**ACTIVITY**
Transcribe the stretch of entries below from the line with "Ocenění pro Allrisk" through the line with "Скребло. Карасор 2.", exactly and with both ends included; leave out all other lines.

DATA PROVIDED below:

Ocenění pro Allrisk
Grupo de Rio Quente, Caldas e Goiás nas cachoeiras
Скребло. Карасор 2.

End of DATA PROVIDED.
DATA PROVIDED below:

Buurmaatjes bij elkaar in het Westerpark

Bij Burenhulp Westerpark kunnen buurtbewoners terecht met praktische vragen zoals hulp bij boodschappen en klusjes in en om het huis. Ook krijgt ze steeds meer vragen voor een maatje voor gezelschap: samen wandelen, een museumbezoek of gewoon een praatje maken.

End of DATA PROVIDED.
DATA PROVIDED below:

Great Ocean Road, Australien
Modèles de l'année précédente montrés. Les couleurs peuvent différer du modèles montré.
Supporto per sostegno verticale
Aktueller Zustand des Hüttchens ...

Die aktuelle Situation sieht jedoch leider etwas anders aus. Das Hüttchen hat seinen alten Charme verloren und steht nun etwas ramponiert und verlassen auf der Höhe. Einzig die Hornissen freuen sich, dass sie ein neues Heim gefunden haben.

End of DATA PROVIDED.

**RESPONSE**
Ocenění pro Allrisk
Grupo de Rio Quente, Caldas e Goiás nas cachoeiras
Скребло. Карасор 2.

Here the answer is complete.